• _What this task involves_:
None of the images should appear in your copy. Transcribe the data in full.

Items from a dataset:
################
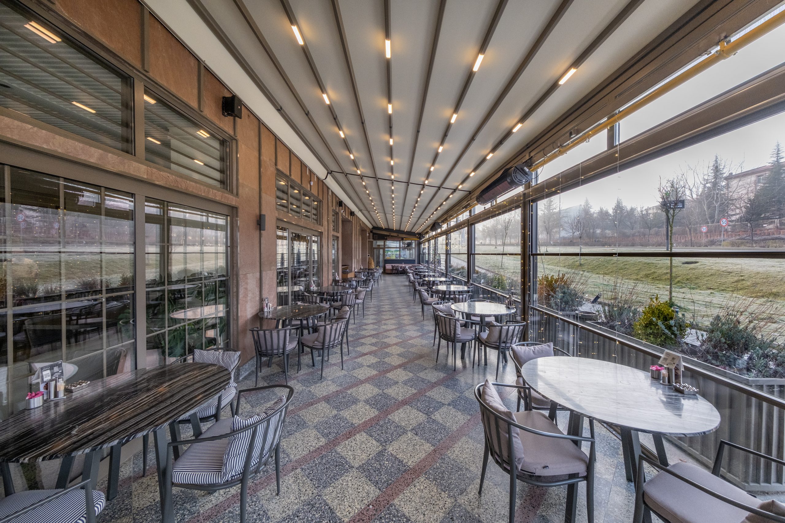 Ein besonderes Highlight ist, dass sich das Lamellendach bei Sturm automatisch öffnet oder schließt und so Komfort und Sicherheit bei unvorhersehbarem Wetter bietet. Mit seinem robusten Design hält es bis zu 350 kg pro Quadratmeter stand und ist dadurch äußerst widerstandsfähig. Ob Sie sich für Aluminium- oder Glaslamellen entscheiden, dieses Dach sorgt sowohl für thermische als auch akustische Isolierung, wodurch Ihr Raum warm und ruhig bleibt.
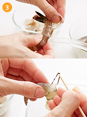海老は殻をむいておく。
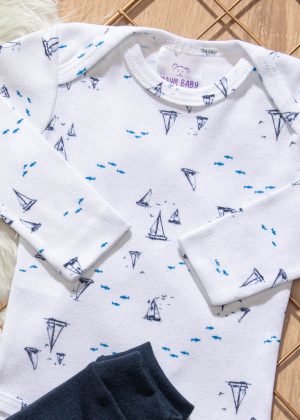 A abertura no meio das pernas facilita a troca para as mamães.
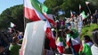 LISBON, PORTUGAL - MARCH 1: (EDITORS NOTE: audio/music licensing is not included.) Demonstrators chant and dance as they hoist portraits of Reza Pahlavi, the Shah's son, and fly Israeli, American, and Iranian flags while celebrating outside the Iranian embassy on March 1, 2026 in Lisbon, Portugal. Iran's Supreme Leader, Ayatollah Ali Khamenei, was confirmed killed after the United States and Israel launched a joint attack on Iran on February 28. Iran retaliated by firing waves of missiles and drones at Israel and targeting U.S. allies in the region. (Footage by Horacio Villalobos/Getty Images)
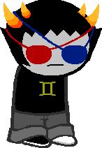 " and proceeds to place his red/blue glasses crookedly (and upside-down) over Feferi's. Like in the old timeline, he piloted the meteor and became half-dead, and stayed behind with Aradia in the dream bubbles.
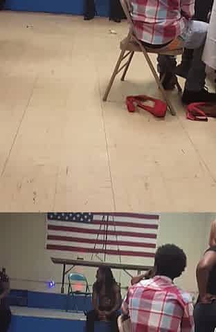Hot lesbian orgy with two horny MILFs wearing high heels.
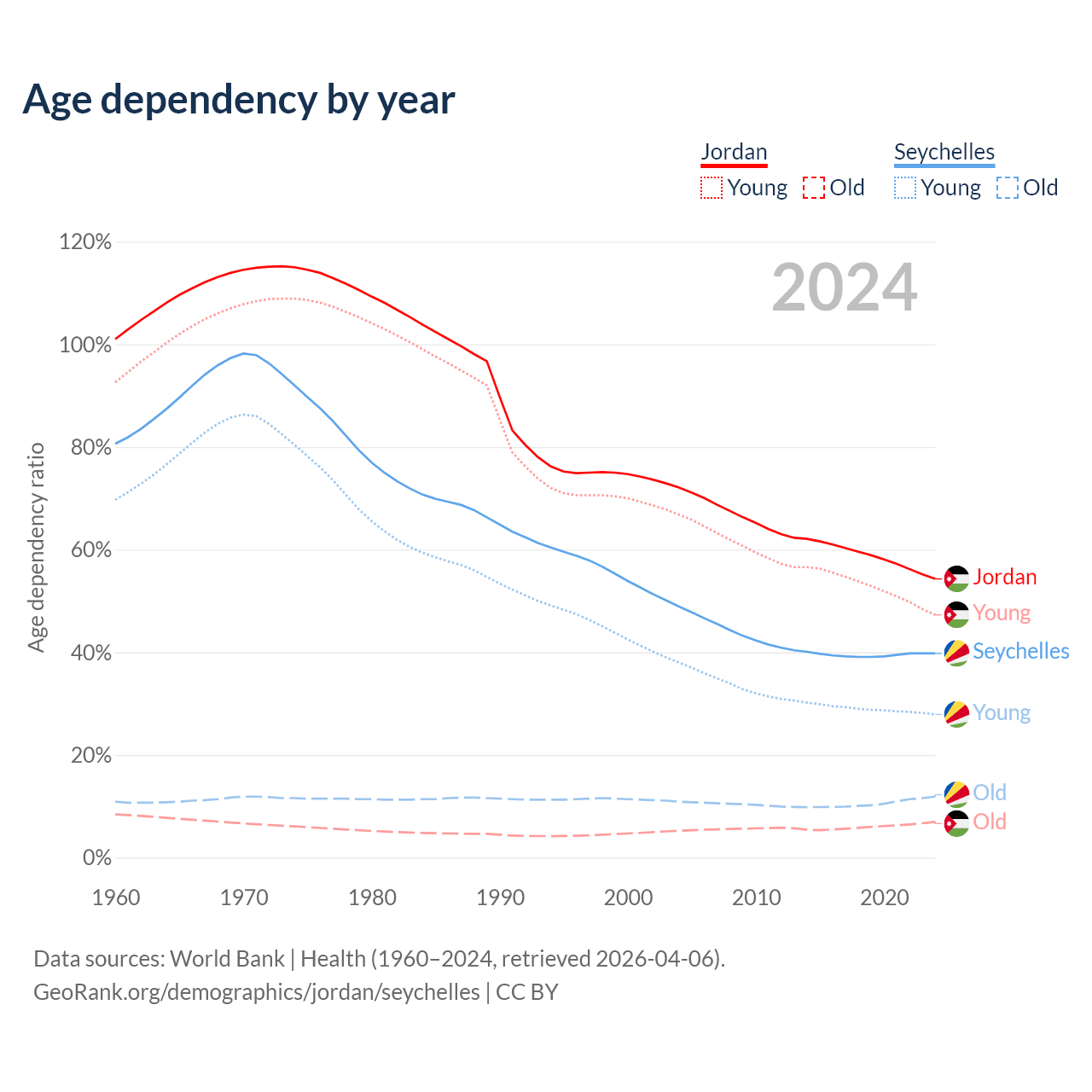 - Jordan is ranked 131/196 by median age (oldest to youngest) vs 76/196 for the Seychelles.
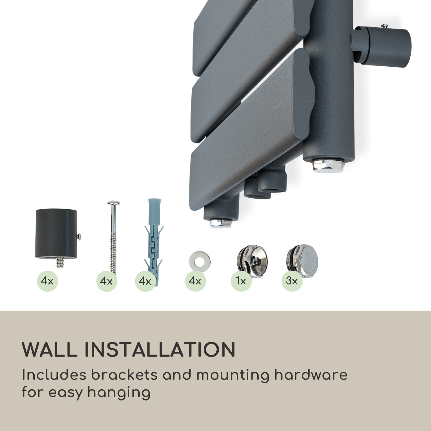 Útulné teplo pre domácnosť v modernom dizajne: radiátor Fairmont 80 x 45 od Blumfeldt nielenže prináša do kúpeľne príjemnú teplotu, ale aj pekne vyzerá.Rúrkový radiátor Fairmont 80 x 45 od Blumfeldt jednoducho integrujete do existujúceho teplovodného alebo diaľkového vykurovacieho systému a funguje aj s elektrickým ponorným ohrievačom alebo elektronickým termostatom. Spoľahlivo a rovnomerne ohreje miestnosti s rozlohou od 4 do 8 m². Pripojenie je veľmi jednoduché prostredníctvom prípojok v strede. Vďaka tomu dokáže Fairmont optimálne reagovať na mnohé konštrukčné podmienky. Potrebné nástenné konzoly sú tiež priamo súčasťou balenia. Stabilný systém rúrok z práškovo lakovaného kovu optimálne vedie a rozvádza teplo až do 70 °C a vytvára tak výhrevný výkon až 375 wattov.Pre ešte väčšiu tepelnú pohodu sú tu tri integrované stojany na zavesenie a ohrievanie uterákov. Vďaka plochému dizajnu 8 vykurovacích rebier sa radiátor veľmi ľahko a rýchlo čistí. Útulné teplo priamo po sprche alebo kúpeli s radiátorom Fairmont 80 x 45 od Blumfeldt – štýlový zážitok.
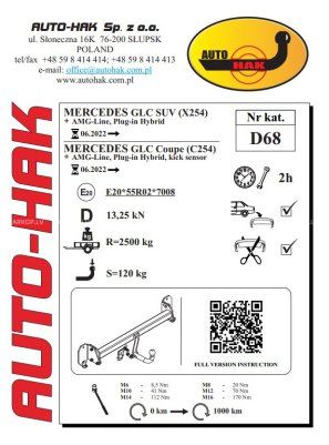 Tow bar with screw fixation. Tow bar constructed accordingly all European and car producer standards. Installs accordingly car producer mounting places. Kit contains all necessary parts for installation.
################
• _Problem solution_:
 Ein besonderes Highlight ist, dass sich das Lamellendach bei Sturm automatisch öffnet oder schließt und so Komfort und Sicherheit bei unvorhersehbarem Wetter bietet. Mit seinem robusten Design hält es bis zu 350 kg pro Quadratmeter stand und ist dadurch äußerst widerstandsfähig. Ob Sie sich für Aluminium- oder Glaslamellen entscheiden, dieses Dach sorgt sowohl für thermische als auch akustische Isolierung, wodurch Ihr Raum warm und ruhig bleibt.
海老は殻をむいておく。
 A abertura no meio das pernas facilita a troca para as mamães.
 LISBON, PORTUGAL - MARCH 1: (EDITORS NOTE: audio/music licensing is not included.) Demonstrators chant and dance as they hoist portraits of Reza Pahlavi, the Shah's son, and fly Israeli, American, and Iranian flags while celebrating outside the Iranian embassy on March 1, 2026 in Lisbon, Portugal. Iran's Supreme Leader, Ayatollah Ali Khamenei, was confirmed killed after the United States and Israel launched a joint attack on Iran on February 28. Iran retaliated by firing waves of missiles and drones at Israel and targeting U.S. allies in the region. (Footage by Horacio Villalobos/Getty Images)
 " and proceeds to place his red/blue glasses crookedly (and upside-down) over Feferi's. Like in the old timeline, he piloted the meteor and became half-dead, and stayed behind with Aradia in the dream bubbles.
Hot lesbian orgy with two horny MILFs wearing high heels.
 - Jordan is ranked 131/196 by median age (oldest to youngest) vs 76/196 for the Seychelles.
 Útulné teplo pre domácnosť v modernom dizajne: radiátor Fairmont 80 x 45 od Blumfeldt nielenže prináša do kúpeľne príjemnú teplotu, ale aj pekne vyzerá.Rúrkový radiátor Fairmont 80 x 45 od Blumfeldt jednoducho integrujete do existujúceho teplovodného alebo diaľkového vykurovacieho systému a funguje aj s elektrickým ponorným ohrievačom alebo elektronickým termostatom. Spoľahlivo a rovnomerne ohreje miestnosti s rozlohou od 4 do 8 m². Pripojenie je veľmi jednoduché prostredníctvom prípojok v strede. Vďaka tomu dokáže Fairmont optimálne reagovať na mnohé konštrukčné podmienky. Potrebné nástenné konzoly sú tiež priamo súčasťou balenia. Stabilný systém rúrok z práškovo lakovaného kovu optimálne vedie a rozvádza teplo až do 70 °C a vytvára tak výhrevný výkon až 375 wattov.Pre ešte väčšiu tepelnú pohodu sú tu tri integrované stojany na zavesenie a ohrievanie uterákov. Vďaka plochému dizajnu 8 vykurovacích rebier sa radiátor veľmi ľahko a rýchlo čistí. Útulné teplo priamo po sprche alebo kúpeli s radiátorom Fairmont 80 x 45 od Blumfeldt – štýlový zážitok.
 Tow bar with screw fixation. Tow bar constructed accordingly all European and car producer standards. Installs accordingly car producer mounting places. Kit contains all necessary parts for installation.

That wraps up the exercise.